** What the task asks **
Transcribe all of the data exactly. Images stay out.

** Data section **
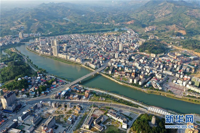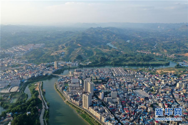 這是廣西環(huán)江毛南族自治縣縣城風(fēng)貌(5月14日攝,無(wú)人機(jī)照片)。
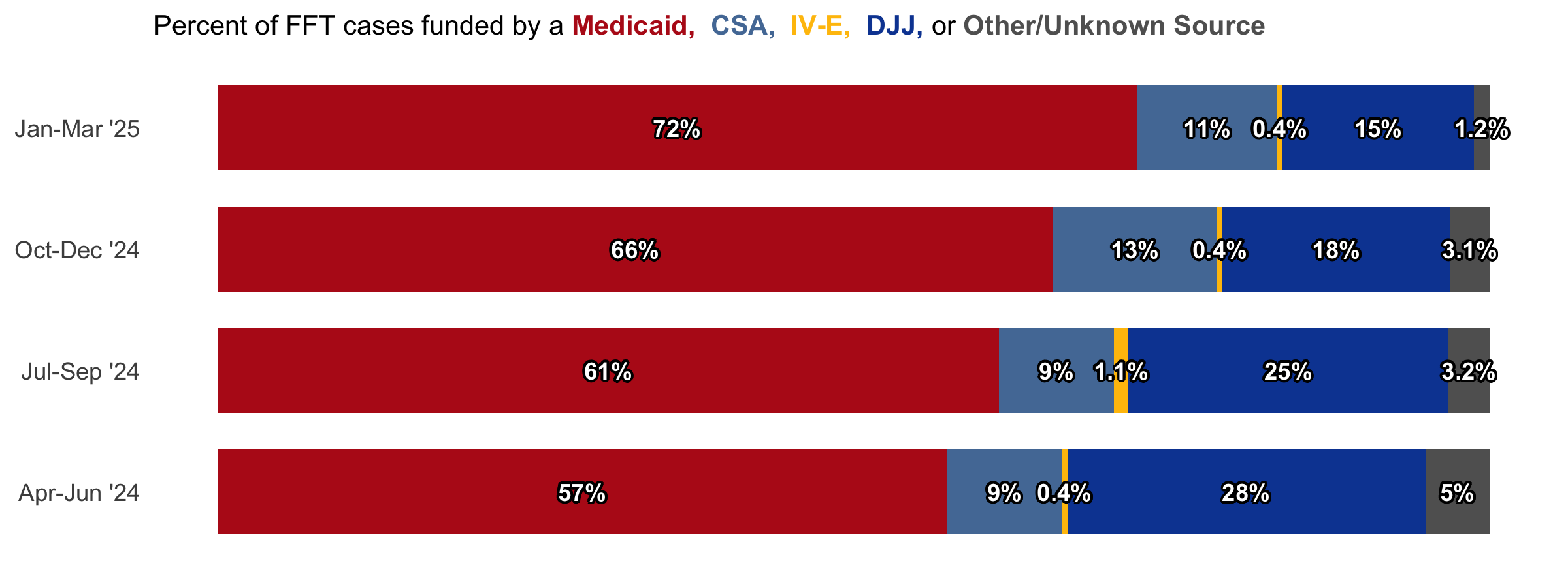 Figure 4 compares the breakdown of each funding source by quarter, where the share of Medicaid-funded cases relative to nearly all other funding sources has steadily grown over the past year.
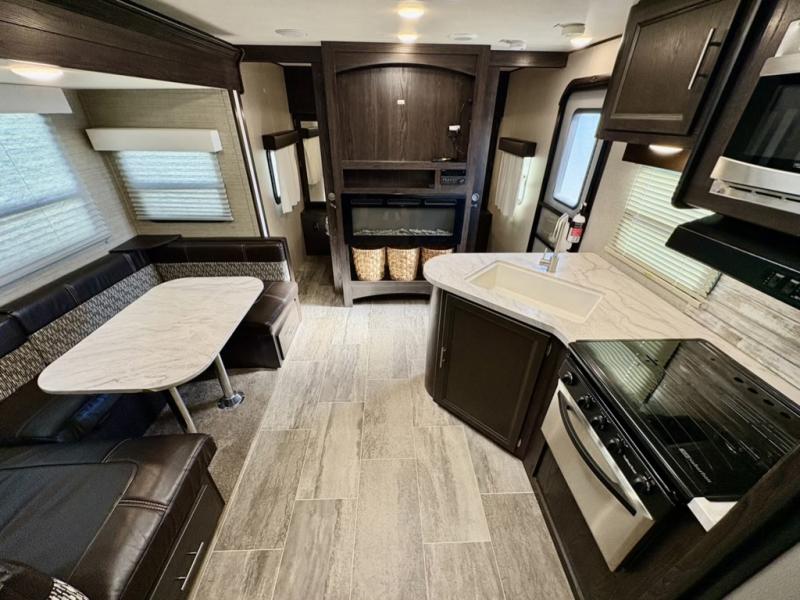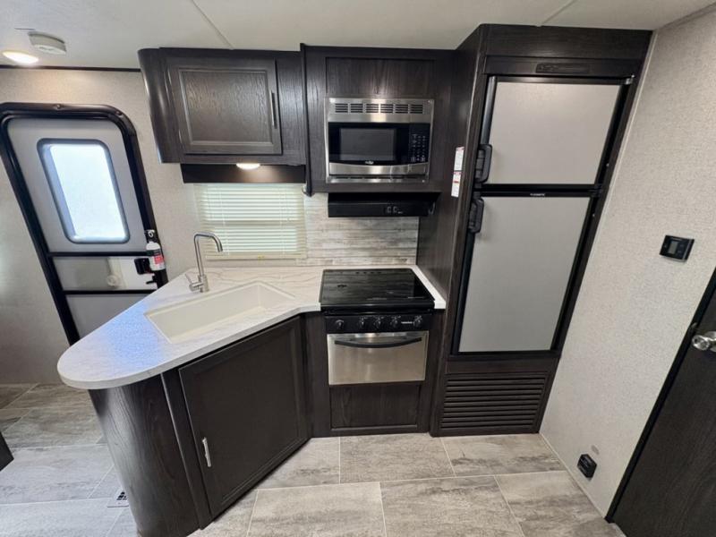 With any Dutchmen Kodiak Ultra-Lite travel trailer you can enjoy four seasons of camping thanks to the heated and enclosed underbelly and the easy-to-tow Bear Cage aluminum frame construction. Two exterior features that you will certainly appreciate are the pass-through storage compartment with LED lights for stowing away your larger outdoor gear and the electric awning with LED lighting that provides protection from the elements during the day or night. The Kodiak Ultra-Lite comes with stainless steel appliances, residential furniture, as well as spacious interior storage, making it a wonderful choice for any camping family.
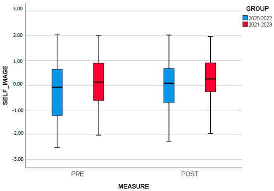 Similarly, two-way repeated measures ANOVA was applied to examine whether there are differences in SELF_IMAGE between the measures (initial, final) and the GROUPS (2020–2022, 2021–2023). The results show that there is no statistically significant interaction between the measures and the GROUPS (p = 0.807). However, a significant main effect of the factor GROUPS (p = 0.036) was found, as well as statistically significant differences in the SELF_IMAGE between the initial and final measurement (p < 0.001). Examining the means, it appears that participants had a higher SELF_IMAGE score at the final measurement (M = 0.72 ± 0.95) than at the initial measurement (M = −0.72 ± 1.04) (Figure 4).

** Finished exercise **
 這是廣西環(huán)江毛南族自治縣縣城風(fēng)貌(5月14日攝,無(wú)人機(jī)照片)。
 Figure 4 compares the breakdown of each funding source by quarter, where the share of Medicaid-funded cases relative to nearly all other funding sources has steadily grown over the past year.
 With any Dutchmen Kodiak Ultra-Lite travel trailer you can enjoy four seasons of camping thanks to the heated and enclosed underbelly and the easy-to-tow Bear Cage aluminum frame construction. Two exterior features that you will certainly appreciate are the pass-through storage compartment with LED lights for stowing away your larger outdoor gear and the electric awning with LED lighting that provides protection from the elements during the day or night. The Kodiak Ultra-Lite comes with stainless steel appliances, residential furniture, as well as spacious interior storage, making it a wonderful choice for any camping family.
 Similarly, two-way repeated measures ANOVA was applied to examine whether there are differences in SELF_IMAGE between the measures (initial, final) and the GROUPS (2020–2022, 2021–2023). The results show that there is no statistically significant interaction between the measures and the GROUPS (p = 0.807). However, a significant main effect of the factor GROUPS (p = 0.036) was found, as well as statistically significant differences in the SELF_IMAGE between the initial and final measurement (p < 0.001). Examining the means, it appears that participants had a higher SELF_IMAGE score at the final measurement (M = 0.72 ± 0.95) than at the initial measurement (M = −0.72 ± 1.04) (Figure 4).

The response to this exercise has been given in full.